An initial attempt to discover instrument sounds with a transformer. Developed based on Meta's architecture and research.
1. Spacetimeformer - https://github.com/QData/spacetimeformer
2. Hdemucs - https://github.com/facebookresearch/demucs
Try to follow to installation of libraries in each project before you start with our code!
To understand how to run basic Hdemucs, you need to read first: https://github.com/facebookresearch/demucs/blob/main/docs/training.md
After the basic installations and understand of running the demucs, you may strat!
With the full dataset, debugging the architecture can take time after minor or major changes. For debugging purposes, you can simply create a smaller dataset. Update the path where the MUSDB18HQ dataset exists and the path where the reduced dataset should be located.
Helps us to make Meta's architecture smaller and train it. In addition, we added a log of training and testing for the original (but smaller) architecture. The last log contains the results that we present in our paper.

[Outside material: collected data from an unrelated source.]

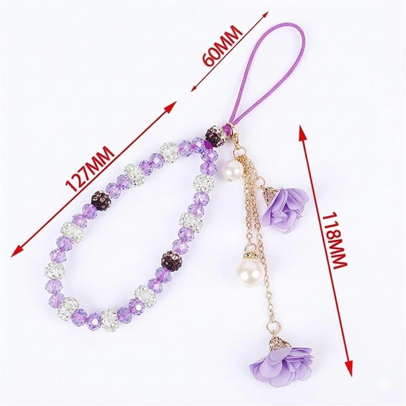 Dodaj elegancki akcent do swojego telefonu dzięki tej smyczy o długości 18,7 cm z kryształowymi koralikami. Zaprojektowana zarówno jako ozdobny dodatek, jak i praktyczny pasek na nadgarstek, łączy w sobie koraliki w stylu kryształów, metalowe akcenty imitujące cyrkonie, zawieszki w kształcie róż oraz wisior z imitacji perły, tworząc wyrafinowaną stylizację na co dzień.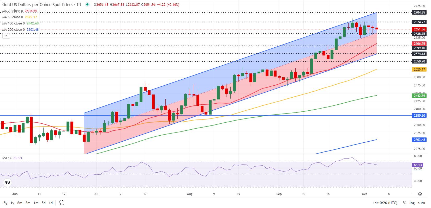 汇通财经APP讯——周一(10月7日)亚市早盘,现货黄金震荡微跌,目前金价位于2649美元/盎司附近。FXStreet分析师Eren Sengezer撰文,对金价本周走势进行预测和分析。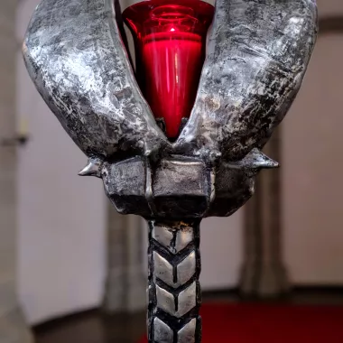 Hängekreuz und Tabernakel aus Kupfer und Bronze, mit Halbedelsteinen und Bergkristallen besetzt, fertigte die Kunstwerkstatt der Abtei Maria Laach.
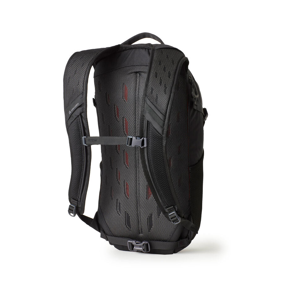 - Arneses de hombro acolchados de malla de aire con hebilla de correa de esternón de una mano y presillas para enrutamiento de hidratación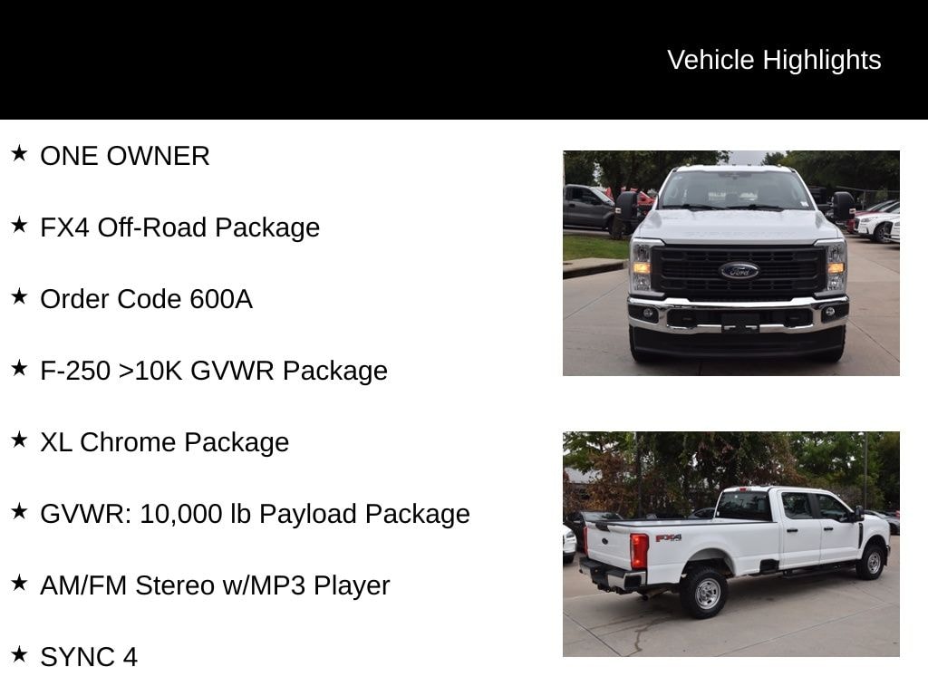 ONE OWNER, CLEAN CAR FAX, 4WD, 17" Argent Painted Steel Wheels, 250 Amp Alternator (Gas), 3.73 Axle Ratio, 4 Speakers, 4-Wheel Disc Brakes, ABS brakes, Air Conditioning, AM/FM radio, AM/FM Stereo w/MP3 Player, BoxLink, Brake assist, Bright Chrome Hub Covers & Center Ornaments, Chrome Front Bumper, Chrome Rear Step Bumper, Compass, Delay-off headlights, Dual front impact airbags, Dual front side impact airbags, Electronic Stability Control, Emergency communication system: SYNC 4 911 Assist, Exterior Parking Camera Rear, F-250 >10K GVWR Package, Front anti-roll bar, Front Center Armrest w/Storage, Front License Plate Bracket, Front reading lights, Front Wheel Well Liners (Pre-Installed), Fully automatic headlights, FX4 Off-Road Package, GVWR: 10,000 lb Payload Package, Halogen Fog Lamps, HD Vinyl 40/20/40 Split Bench Seat, Heated door mirrors, Hill Descent Control, Illuminated entry, LED Roof Clearance Lights, Low tire pressure warning, Off-Road Specifically Tuned Shock Absorbers, Order Code 600A, Outside temperature display, Overhead airbag, Overhead console, Panic alarm, Passenger vanity mirror, Platform Running Boards, Power door mirrors, Power steering, Power windows, Rear reading lights, Rear step bumper, Remote keyless entry, Remote Start System, Speed control, Split folding rear seat, Steering wheel mounted audio controls, SYNC 4, Tachometer, Telescoping steering wheel, Tilt steering wheel, Traction control, Trip computer, Turn signal indicator mirrors, Unique FX4 Off-Road Box Decal, Upfitter Switches (6), Variably intermittent wipers, XL Chrome Package.
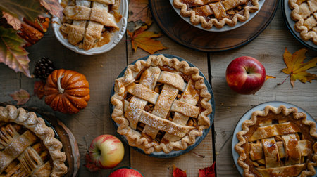 Lattice pies, apples and pumpkins for seasonal celebrations closeup image, ai generated. Overhead thanksgiving desserts close up photography. Traditional homemade food concept photo realistic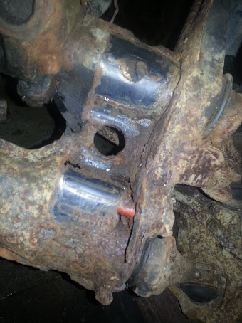Skit! Plockade bort framvagnsgrinden från plattan och kunde konstatera att plåtmasken ätit ur ett rejält stycke ,gick ut och bultade bort en framvagn från en annan variant som står på gården,såg fin ut.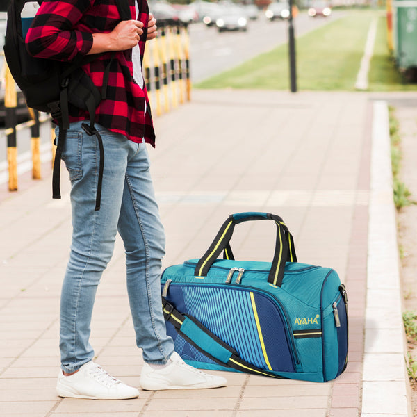 Ayaha Travel Duffle Weekender Bag 50cm, Large Luggage Bag for Travelling, Multi Purpose Handbag with Adjustable Handles (I86-D2 Airport Blue)

In this notebook, we show the results of Meta's architecture + Spacetimeformer, in order to select hyperparameters for the Spacetimeformer in this project. This notebook is not for running code.
This is a folder with Meta's code and the changes that we did to link Meta's original architecture to the Spacetimeformer. We made many changes in the code, most of them are visible at: 'Facebook_Transformers/demucs-main/demucs-main/demucs'. There, you can see our new layer, and how it connects to orignal architecture and how we replace the LSTM + local attention with Spacetimeformer.
Here, we have both the original zip file of Spacetimeformer project and the file after the changes we did. The original code will not work, use the folder! We made changes to the inputs of the model,as well as changing embed file (both in 'nn' files of the Spacetimeformer).
Here, you will see the full logs of the running of our model. The last log is the log with the results that we show in our paper. Also show commands of how to run the model.
a. Remember to update the main_path
b. Remember to update the paths of the dataset and everything else in: Facebooks_code_for_tensors folder and Facebook_Transformers folder if you wish to train the model, using Meta's training doc: https://github.com/facebookresearch/demucs/blob/main/docs/training.md
c. We used dora, a great tool to change and follow the changes of the hyperparameters. Read about it more in Meta's training doc.
d. We started from 81de367c in the training, as this the original Hdemucs.
Facebook's_code_for_tensors is a copy of Meta's code we used for debugging. We saw a lot of changes in the data in Facebook_code_for_tensors/demucs-main/demucs-main/demucs/wav.py on 'get_item', so we saved the final product and loaded it as tensor in the next training. Ultimately, we didn't use it since the I/O time of h5 is the same as the time of changes in data.